#### Brief:
Extract all data as written.

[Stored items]
========================

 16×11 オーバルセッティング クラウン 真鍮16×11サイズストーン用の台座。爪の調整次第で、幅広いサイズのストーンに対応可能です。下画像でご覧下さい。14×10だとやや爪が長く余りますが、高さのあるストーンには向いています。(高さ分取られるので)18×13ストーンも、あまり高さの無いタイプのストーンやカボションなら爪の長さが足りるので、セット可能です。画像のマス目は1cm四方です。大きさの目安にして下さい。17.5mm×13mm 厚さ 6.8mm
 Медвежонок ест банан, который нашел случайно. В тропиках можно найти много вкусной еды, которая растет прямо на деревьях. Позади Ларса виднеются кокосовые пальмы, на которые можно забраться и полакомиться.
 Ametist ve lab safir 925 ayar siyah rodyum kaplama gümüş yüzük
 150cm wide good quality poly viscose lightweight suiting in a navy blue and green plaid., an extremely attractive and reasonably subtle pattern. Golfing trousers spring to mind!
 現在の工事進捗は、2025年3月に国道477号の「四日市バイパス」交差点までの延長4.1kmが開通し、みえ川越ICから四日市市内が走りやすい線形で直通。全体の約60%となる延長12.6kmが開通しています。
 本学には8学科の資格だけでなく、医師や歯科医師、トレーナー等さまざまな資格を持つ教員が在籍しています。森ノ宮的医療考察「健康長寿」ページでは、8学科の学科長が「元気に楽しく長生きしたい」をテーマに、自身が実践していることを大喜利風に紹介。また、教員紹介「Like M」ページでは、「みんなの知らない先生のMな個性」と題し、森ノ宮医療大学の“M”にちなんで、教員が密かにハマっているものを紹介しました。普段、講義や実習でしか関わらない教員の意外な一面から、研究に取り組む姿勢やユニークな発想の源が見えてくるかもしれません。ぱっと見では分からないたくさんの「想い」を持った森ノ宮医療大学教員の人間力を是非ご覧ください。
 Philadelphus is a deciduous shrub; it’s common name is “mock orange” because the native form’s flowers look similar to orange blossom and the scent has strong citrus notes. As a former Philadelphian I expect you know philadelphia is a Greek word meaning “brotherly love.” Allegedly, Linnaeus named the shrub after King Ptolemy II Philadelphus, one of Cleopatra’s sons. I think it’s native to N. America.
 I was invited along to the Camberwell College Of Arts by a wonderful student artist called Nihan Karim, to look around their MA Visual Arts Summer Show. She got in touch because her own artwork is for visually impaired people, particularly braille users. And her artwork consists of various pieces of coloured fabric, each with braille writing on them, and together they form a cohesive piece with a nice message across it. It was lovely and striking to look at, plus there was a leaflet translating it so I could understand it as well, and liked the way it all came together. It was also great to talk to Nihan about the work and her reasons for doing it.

========================

#### Output:
 16×11 オーバルセッティング クラウン 真鍮16×11サイズストーン用の台座。爪の調整次第で、幅広いサイズのストーンに対応可能です。下画像でご覧下さい。14×10だとやや爪が長く余りますが、高さのあるストーンには向いています。(高さ分取られるので)18×13ストーンも、あまり高さの無いタイプのストーンやカボションなら爪の長さが足りるので、セット可能です。画像のマス目は1cm四方です。大きさの目安にして下さい。17.5mm×13mm 厚さ 6.8mm
 Медвежонок ест банан, который нашел случайно. В тропиках можно найти много вкусной еды, которая растет прямо на деревьях. Позади Ларса виднеются кокосовые пальмы, на которые можно забраться и полакомиться.
 Ametist ve lab safir 925 ayar siyah rodyum kaplama gümüş yüzük
 150cm wide good quality poly viscose lightweight suiting in a navy blue and green plaid., an extremely attractive and reasonably subtle pattern. Golfing trousers spring to mind!
 現在の工事進捗は、2025年3月に国道477号の「四日市バイパス」交差点までの延長4.1kmが開通し、みえ川越ICから四日市市内が走りやすい線形で直通。全体の約60%となる延長12.6kmが開通しています。
 本学には8学科の資格だけでなく、医師や歯科医師、トレーナー等さまざまな資格を持つ教員が在籍しています。森ノ宮的医療考察「健康長寿」ページでは、8学科の学科長が「元気に楽しく長生きしたい」をテーマに、自身が実践していることを大喜利風に紹介。また、教員紹介「Like M」ページでは、「みんなの知らない先生のMな個性」と題し、森ノ宮医療大学の“M”にちなんで、教員が密かにハマっているものを紹介しました。普段、講義や実習でしか関わらない教員の意外な一面から、研究に取り組む姿勢やユニークな発想の源が見えてくるかもしれません。ぱっと見では分からないたくさんの「想い」を持った森ノ宮医療大学教員の人間力を是非ご覧ください。
 Philadelphus is a deciduous shrub; it’s common name is “mock orange” because the native form’s flowers look similar to orange blossom and the scent has strong citrus notes. As a former Philadelphian I expect you know philadelphia is a Greek word meaning “brotherly love.” Allegedly, Linnaeus named the shrub after King Ptolemy II Philadelphus, one of Cleopatra’s sons. I think it’s native to N. America.
 I was invited along to the Camberwell College Of Arts by a wonderful student artist called Nihan Karim, to look around their MA Visual Arts Summer Show. She got in touch because her own artwork is for visually impaired people, particularly braille users. And her artwork consists of various pieces of coloured fabric, each with braille writing on them, and together they form a cohesive piece with a nice message across it. It was lovely and striking to look at, plus there was a leaflet translating it so I could understand it as well, and liked the way it all came together. It was also great to talk to Nihan about the work and her reasons for doing it.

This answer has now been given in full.